We investigate remote effects of the decadal sea surface temperature (SST) variability over the tropical Pacific onto the thermal structure of the surface layers over the Indian Ocean. To extract the internal variability from the observed records, we employed the multi-model ensemble data of Coupled Model Intercomparison Project 5 (CMIP5) to evaluate the externally forced component contained in the observations.

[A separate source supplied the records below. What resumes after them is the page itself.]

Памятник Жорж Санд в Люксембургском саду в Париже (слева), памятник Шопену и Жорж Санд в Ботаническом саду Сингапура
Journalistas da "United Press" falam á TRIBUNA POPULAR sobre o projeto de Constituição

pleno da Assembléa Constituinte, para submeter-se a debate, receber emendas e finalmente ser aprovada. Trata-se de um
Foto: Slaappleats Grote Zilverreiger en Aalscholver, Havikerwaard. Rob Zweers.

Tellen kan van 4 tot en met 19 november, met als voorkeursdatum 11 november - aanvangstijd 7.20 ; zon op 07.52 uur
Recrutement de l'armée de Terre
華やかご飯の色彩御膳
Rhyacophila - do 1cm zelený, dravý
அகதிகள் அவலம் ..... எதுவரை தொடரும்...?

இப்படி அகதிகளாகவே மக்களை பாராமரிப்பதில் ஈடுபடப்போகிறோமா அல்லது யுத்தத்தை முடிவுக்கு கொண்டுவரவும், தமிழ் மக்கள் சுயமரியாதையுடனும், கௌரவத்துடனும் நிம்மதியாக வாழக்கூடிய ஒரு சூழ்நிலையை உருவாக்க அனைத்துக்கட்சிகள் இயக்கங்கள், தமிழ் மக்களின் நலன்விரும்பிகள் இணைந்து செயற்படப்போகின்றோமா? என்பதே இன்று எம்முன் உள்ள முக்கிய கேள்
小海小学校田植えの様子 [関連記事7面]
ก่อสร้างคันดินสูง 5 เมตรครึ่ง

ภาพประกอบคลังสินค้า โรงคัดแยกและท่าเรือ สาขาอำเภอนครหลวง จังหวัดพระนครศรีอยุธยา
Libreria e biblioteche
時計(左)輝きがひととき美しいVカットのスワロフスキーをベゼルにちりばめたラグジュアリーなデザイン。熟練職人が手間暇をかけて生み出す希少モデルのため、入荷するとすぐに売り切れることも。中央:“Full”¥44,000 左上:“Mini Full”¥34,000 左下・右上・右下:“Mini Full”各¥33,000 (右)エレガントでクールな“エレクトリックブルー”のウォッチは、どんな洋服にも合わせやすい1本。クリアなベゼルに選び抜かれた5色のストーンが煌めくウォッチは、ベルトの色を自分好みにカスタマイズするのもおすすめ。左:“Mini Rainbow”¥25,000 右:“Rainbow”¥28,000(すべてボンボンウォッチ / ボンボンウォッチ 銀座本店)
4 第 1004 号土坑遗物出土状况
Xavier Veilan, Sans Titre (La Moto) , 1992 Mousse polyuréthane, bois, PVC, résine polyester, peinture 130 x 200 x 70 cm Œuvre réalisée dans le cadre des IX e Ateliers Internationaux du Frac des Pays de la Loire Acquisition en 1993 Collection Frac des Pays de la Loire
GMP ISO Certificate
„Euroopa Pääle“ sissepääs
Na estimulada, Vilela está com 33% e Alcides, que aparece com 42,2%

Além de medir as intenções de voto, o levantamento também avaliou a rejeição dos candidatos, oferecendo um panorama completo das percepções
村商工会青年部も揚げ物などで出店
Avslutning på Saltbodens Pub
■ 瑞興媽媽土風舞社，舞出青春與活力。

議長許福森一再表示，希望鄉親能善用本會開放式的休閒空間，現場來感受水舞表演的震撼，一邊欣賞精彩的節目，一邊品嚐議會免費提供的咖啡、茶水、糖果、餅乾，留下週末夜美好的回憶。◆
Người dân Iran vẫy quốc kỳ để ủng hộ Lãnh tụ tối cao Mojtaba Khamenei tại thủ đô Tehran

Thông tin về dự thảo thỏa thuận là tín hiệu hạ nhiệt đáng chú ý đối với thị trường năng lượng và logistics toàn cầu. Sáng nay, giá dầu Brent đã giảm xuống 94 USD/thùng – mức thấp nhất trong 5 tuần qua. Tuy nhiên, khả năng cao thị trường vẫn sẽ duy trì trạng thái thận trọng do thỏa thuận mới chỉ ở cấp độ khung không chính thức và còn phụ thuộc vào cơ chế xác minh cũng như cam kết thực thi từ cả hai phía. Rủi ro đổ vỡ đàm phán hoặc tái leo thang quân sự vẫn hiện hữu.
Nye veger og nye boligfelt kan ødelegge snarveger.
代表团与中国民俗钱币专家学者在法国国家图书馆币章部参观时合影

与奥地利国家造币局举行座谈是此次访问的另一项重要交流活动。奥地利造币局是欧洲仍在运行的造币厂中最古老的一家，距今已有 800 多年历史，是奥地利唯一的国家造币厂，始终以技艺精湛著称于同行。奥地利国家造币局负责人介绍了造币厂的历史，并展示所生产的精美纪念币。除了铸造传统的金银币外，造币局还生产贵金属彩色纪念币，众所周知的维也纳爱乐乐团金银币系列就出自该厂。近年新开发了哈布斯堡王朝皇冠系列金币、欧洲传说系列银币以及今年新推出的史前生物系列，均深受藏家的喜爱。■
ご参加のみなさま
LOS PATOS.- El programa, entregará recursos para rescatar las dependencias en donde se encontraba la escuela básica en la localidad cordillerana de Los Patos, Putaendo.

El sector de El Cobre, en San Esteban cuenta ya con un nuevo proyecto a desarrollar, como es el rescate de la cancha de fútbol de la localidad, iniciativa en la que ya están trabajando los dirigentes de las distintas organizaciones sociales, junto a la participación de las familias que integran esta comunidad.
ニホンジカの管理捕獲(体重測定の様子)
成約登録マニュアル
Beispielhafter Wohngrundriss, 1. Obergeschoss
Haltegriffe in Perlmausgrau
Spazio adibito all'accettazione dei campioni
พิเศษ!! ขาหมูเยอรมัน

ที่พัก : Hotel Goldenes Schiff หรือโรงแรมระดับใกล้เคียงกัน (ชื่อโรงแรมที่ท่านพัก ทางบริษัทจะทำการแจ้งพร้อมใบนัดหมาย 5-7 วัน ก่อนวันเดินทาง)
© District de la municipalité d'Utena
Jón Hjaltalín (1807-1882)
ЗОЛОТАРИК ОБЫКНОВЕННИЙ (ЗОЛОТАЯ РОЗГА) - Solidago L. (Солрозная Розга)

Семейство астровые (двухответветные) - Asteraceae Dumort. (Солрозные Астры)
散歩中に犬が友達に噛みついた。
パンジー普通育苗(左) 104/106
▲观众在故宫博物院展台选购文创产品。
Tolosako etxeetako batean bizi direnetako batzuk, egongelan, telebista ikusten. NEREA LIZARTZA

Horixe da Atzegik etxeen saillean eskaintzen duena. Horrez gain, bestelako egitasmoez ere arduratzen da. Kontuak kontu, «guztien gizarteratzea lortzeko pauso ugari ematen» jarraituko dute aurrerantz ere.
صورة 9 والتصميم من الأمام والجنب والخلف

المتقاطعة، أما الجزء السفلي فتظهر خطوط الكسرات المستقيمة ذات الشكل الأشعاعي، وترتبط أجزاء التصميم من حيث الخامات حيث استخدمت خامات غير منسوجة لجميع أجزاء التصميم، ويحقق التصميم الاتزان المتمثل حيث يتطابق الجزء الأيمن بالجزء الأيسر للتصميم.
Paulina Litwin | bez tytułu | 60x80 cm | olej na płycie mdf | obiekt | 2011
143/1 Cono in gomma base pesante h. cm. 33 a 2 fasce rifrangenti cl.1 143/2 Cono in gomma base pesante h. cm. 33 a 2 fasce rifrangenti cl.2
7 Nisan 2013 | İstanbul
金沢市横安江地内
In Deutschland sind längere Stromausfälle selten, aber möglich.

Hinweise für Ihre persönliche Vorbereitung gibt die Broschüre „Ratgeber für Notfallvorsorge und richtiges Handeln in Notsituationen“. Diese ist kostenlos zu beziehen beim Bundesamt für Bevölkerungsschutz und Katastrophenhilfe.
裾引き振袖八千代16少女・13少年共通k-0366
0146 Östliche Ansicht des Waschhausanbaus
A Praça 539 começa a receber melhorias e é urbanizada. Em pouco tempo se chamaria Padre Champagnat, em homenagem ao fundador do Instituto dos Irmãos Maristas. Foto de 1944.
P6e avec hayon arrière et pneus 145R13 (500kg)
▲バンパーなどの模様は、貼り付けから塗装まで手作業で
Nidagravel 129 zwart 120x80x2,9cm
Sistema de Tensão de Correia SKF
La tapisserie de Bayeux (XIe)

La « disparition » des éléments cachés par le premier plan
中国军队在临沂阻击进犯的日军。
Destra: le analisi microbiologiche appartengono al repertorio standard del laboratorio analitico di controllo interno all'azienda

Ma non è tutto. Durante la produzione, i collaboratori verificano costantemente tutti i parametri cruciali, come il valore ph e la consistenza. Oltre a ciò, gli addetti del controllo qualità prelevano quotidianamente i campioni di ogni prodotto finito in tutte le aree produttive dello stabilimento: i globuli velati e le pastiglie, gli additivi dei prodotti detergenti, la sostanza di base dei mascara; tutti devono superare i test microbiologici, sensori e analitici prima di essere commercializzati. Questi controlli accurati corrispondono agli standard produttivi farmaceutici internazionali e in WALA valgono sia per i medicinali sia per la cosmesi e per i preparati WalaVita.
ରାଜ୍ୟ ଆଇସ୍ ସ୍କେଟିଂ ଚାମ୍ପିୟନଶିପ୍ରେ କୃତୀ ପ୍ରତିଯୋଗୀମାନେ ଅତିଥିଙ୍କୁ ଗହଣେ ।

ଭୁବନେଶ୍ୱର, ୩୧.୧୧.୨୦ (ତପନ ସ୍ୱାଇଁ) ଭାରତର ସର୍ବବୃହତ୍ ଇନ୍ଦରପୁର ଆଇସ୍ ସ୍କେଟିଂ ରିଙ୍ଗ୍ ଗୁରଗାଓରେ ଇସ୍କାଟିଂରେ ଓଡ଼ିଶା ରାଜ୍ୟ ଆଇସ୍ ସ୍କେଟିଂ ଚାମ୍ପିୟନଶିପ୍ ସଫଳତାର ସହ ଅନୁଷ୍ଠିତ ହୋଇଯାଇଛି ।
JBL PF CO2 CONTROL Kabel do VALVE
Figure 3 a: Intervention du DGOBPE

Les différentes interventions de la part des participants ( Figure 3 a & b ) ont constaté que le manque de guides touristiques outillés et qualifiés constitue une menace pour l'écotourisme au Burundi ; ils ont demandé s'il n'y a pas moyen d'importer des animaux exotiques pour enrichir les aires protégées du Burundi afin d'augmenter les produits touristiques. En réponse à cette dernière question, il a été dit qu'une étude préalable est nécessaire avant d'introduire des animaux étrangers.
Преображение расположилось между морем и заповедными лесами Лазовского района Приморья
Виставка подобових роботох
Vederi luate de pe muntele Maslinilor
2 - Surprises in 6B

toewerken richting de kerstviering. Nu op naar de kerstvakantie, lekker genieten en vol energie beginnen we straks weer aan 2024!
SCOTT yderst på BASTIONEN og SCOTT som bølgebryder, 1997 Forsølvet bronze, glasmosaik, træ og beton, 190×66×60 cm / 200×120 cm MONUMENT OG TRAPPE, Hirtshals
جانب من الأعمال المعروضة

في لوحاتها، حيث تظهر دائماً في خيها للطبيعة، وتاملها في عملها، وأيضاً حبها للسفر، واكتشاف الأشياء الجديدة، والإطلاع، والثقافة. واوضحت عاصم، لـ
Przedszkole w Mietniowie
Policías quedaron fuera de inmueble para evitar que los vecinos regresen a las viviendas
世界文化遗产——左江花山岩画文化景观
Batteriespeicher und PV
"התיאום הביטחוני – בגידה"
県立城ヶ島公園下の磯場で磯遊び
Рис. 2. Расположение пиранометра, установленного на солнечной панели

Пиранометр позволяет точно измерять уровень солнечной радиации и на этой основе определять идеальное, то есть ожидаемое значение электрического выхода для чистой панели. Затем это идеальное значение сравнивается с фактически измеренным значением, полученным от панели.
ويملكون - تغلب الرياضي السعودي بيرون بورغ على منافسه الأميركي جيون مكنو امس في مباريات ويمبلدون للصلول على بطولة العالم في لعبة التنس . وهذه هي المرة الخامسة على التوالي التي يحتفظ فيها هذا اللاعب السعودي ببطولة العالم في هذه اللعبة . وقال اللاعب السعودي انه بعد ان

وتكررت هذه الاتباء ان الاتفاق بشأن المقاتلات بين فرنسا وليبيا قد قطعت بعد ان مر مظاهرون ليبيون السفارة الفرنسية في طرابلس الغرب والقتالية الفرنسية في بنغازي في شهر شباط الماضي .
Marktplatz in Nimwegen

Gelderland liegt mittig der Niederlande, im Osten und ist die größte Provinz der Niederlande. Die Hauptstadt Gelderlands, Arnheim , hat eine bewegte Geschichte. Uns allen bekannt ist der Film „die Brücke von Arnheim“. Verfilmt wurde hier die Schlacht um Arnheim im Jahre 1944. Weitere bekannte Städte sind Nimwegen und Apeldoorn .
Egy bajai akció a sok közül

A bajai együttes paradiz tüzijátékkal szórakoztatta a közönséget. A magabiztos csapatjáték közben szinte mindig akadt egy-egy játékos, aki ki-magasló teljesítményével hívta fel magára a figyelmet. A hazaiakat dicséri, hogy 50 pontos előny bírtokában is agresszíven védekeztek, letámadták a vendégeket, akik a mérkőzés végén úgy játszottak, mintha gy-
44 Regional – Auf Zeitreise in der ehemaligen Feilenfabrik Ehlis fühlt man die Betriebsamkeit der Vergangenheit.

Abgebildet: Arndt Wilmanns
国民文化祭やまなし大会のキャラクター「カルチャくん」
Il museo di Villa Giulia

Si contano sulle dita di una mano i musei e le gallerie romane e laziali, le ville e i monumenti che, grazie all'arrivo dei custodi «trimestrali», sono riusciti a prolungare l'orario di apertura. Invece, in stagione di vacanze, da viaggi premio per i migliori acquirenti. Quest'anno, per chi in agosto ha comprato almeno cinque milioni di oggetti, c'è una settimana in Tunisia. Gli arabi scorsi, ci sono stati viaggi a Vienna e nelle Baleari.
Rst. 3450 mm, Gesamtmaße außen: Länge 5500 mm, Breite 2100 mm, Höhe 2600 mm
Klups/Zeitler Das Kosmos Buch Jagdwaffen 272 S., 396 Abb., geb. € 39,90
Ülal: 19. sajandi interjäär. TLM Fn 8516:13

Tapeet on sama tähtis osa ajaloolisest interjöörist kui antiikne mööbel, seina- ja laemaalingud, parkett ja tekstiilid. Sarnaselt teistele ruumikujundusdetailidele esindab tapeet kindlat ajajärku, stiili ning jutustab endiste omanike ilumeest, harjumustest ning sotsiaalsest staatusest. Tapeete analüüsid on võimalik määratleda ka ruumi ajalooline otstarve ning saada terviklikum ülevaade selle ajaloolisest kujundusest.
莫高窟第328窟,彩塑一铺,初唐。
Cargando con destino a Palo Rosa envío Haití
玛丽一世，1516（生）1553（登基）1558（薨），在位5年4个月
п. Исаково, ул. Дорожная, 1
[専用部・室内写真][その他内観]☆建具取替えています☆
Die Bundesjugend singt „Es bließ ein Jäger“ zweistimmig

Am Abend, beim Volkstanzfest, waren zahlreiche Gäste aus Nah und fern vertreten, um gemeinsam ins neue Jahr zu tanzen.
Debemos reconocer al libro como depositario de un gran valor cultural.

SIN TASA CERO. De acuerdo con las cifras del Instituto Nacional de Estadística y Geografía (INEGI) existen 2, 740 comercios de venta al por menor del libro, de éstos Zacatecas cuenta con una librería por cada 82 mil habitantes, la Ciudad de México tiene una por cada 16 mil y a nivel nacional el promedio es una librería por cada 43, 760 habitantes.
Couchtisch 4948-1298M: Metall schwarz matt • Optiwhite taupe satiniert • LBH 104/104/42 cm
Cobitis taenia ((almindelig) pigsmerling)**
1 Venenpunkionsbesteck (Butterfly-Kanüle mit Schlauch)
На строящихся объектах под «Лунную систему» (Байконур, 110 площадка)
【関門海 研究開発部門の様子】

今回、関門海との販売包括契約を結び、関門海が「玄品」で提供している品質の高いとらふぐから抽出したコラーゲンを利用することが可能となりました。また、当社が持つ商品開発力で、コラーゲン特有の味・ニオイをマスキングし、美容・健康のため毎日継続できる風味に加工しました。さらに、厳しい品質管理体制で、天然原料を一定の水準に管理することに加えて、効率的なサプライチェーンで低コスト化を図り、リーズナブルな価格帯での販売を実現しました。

An SST warming trend in recent decades is quite pronounced in the Indian Ocean than in the other tropical basins. Therefore, the SST warming trend and the decadal SST variability over the Indian Ocean have comparable variances and mixed in the observed records. While the previous studies attempted to obtain the cross-basin relationship of the decadal SST variability between over the Pacific and over the Indian Ocean, those results depend on the separating treatment of the internal variability and the externally forced component. Here, we present a new method to estimate the externally forced component in the observations by using multi-model ensemble mean of global mean surface temperatures from the CMIP5 historical simulations. Our analysis onto the extracted internal variability in the observed records shows positive correlation of decadal temperature anomalies over the Indian Ocean surface layers and the SST anomalies over the tropical Pacific. Intensification (weakened) of the wind-driven ocean circulation over the Indian Ocean has a significant contribution in forming positive (negative) temperature anomalies of surface layers. The enhanced (reduced) surface winds over the Indian Ocean are induced by the modified Walker Circulation associated with the positive (negative) SST anomalies over the tropical Pacific. This ocean advection effect on SST overwhelms the damping effect of surface heat flux on local SST. Thus, the internal variability extracted by this method shows the single coherent ocean-atmosphere interaction over the Indo–Pacific region all through the analyzed period.